Сопротивляться такому натиску племянник не мог. С родичами упирался, уперся с купцами-мебельщиками — как устоишь против дядюшки?
Пяти минут не прошло, как пара знатных на весь город морозовских рысаков мчала их по Тверской-Ямской. Куда — племянник уже не спрашивал. Не все ли равно.
Глава 3. Незадачливые соседи
Возня с племянником не заслонила болезненную, странную заботу о Чехове. Такой дружбы, как с Горьким, не было, такой хозяйственной связи, как с Алексеевым- Станиславским, — тем более, а вот поди ж ты!.. Год прошел после поездки в Пермь, а ему так и не удавалось исполнить свое обещание — затащить болезненного доктора в Покровское. Он уже все грани приличия преступал, на многочисленных театральных вечеринках толкуя Олечке Книппер:
— Милая Оля, поймите, в любви признаюсь!
— К кому? — хохотала она, целуя за столом этого невозможно откровенного человека.

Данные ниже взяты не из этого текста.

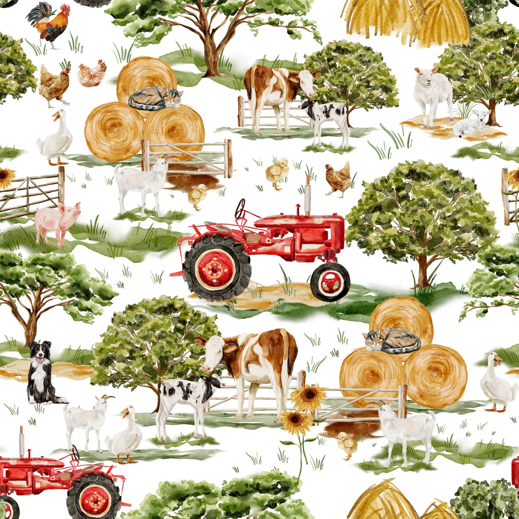 Escape to a charming countryside retreat with our Farm Animals design. This vibrant pattern captures the joyful spirit of the farm, showcasing watercolor cows, playful kittens, and a vintage red tractor nestled among hay bales and lush greenery. The artistic detail and refreshing colors create a lively feel, perfect for a nursery or kitchen. Available as a premium wallpaper mural or convenient peel and stick wallpaper, it makes decorating simple and fun. Instantly brighten your space with this captivating scene! Discover your favorite farm creature today.
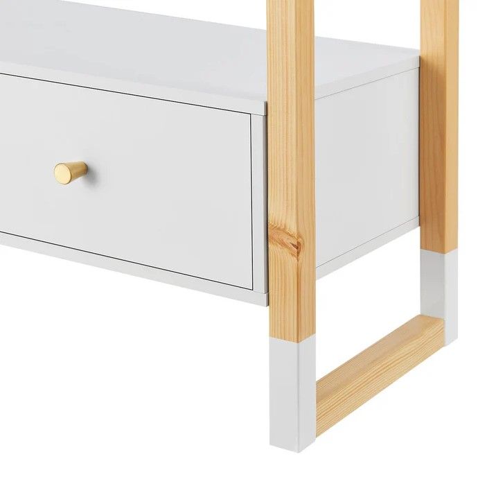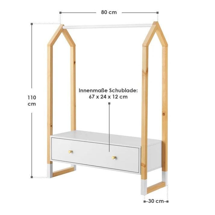 A fenyőfa és a fehér MDF kombinációja biztosítja a szilárdságot és a tartósságot. A nagyméretű fiók praktikus kiegészítők, játékok vagy cipők tárolására. Az összeszerelés intuitív, a karbantartás pedig nagyon egyszerű.

— Подумайте, подумайте, — толкался он крепкими локтями между женой и сестрой старого студенческого друга.
Сестра не была хохотушкой, просто застрявшая в девичестве нянька своего брата. Не будучи артисткой, она тоже стала пайщицей театрального товарищества. Больше того, Морозов позаботился о том, чтобы и квартиру сняла рядом с его домом, где были все блага цивилизации: паровое отопление, канализация, телефон. Ничего удивительного, что нити этих благ протянулись ко всем соседям. Его умиляло, когда она писала брату о сущих пустяках:
«Я переехала на другую квартиру: две комнаты, светлая передняя, большая кухня, канализация и проведенная вода. За 28 рублей в месяц. Адрес: Спиридоновка. Рядом с Саввой Морозовым».
Книппер жила по-театральному неуютно, как за кулисами. Савву Тимофеевича подспудно грела мысль, что, приезжая иногда из Ялты, Чехов ведь и у сестры может остановиться. Этот смешной треугольник — жена-хохотушка, знаменитый больной писатель, хлопотунья сестра — может, и держался‑то благодаря ей. Пожертвовать своей личной жизнью ради брата? Мир праху Исаака Левитана — он поторопился на тот свет, когда Маша ему отказала. предварительно посоветовавшись с братом. Ему ли одному? Савва Тимофеевич так тесно сошелся с обеими женщинами, что мог и пошутить:
— Как мне выбрать между вами? Кого?
Книппер хохотала:
— Конечно меня! Я такая веселая!
Учительница Маша Чехова качала головой с высоко уложенными волосами:
— Меня, конечно. Я пресерьезнейшая дама.
А в результате.
Являлась непреходящая жалость к Чехову. И навязчивое, непонятное желание — поселить его рядом с собой, в Звенигородском уезде. Вот пойми самого себя!
Немало тому Маша поспособствовала. Не с ее ли пресерьезнейших подсказок Ольга загорелась этой мыслью — непременно присоединиться в Покровском? Мысли ее в это время были невеселые.
«У меня чепуха, каша в голове, так все и крутит. Вся я развинтилась. Свежести во мне нет. Истрепалась. Не понимаю, зачем живу. Надо ли так? Седею я. Как ни стараюсь быть вечно ровной и сдержанной, не могу. Мне надо и побушевать, и выплакаться, и пожаловаться — одним словом, облегчить свою душу, и тогда мне жизнь кажется лучше, свежее, все как‑то обновляется. Прежде у меня бывали такие полосы, а теперь не с кем поболтать, некому душу излить, и мне кажется, что я засыхаю вся, мне даже хочется быть злой и сухой. Это очень гадко.»
Антон Павлович приехал в Москву, но она одна прибыла в Покровское. Все в рамках приличия: там были и Зинаида Григорьевна с детьми. Но гуляли они, конечно, вдвоем, по взгорьям над Истрой. Разговоры? Да о чем говорить, если она была хорошей актрисой, а он хорошим душеедом. Он не привык ханжить.
— Вам, Ольга Леонардовна, мужика надо.
— Но у меня Антон.
— Я говорю про настоящего мужика. Чтобы детишки завелись, и все такое. Антон Павлович. славный товарищ и друг, поверьте, я люблю его, но я ведь не женщина. Как быть с ним женщине, просто женщине, бабе, если хотите, как вот.
— Как я?
— Милая Ольга, не заставляйте меня договаривать. Привозите‑ка лучше сюда Антона Павловича. Авось?..
Как уж ей удалось уговорить Чехова, но некая искра и в его душе пробежала. Привыкший изливать свои мысли в письмах, он пишет Марии в Ялту:
«Около десятого июня поеду в Звенигород, оттуда в Новый Иерусалим. Около Морозова продается небольшое имение в двадцать десятин, Ольга смотрела, ей очень понравилось. Поеду и я посмотрю…»
Он начал готовиться к приему гостей.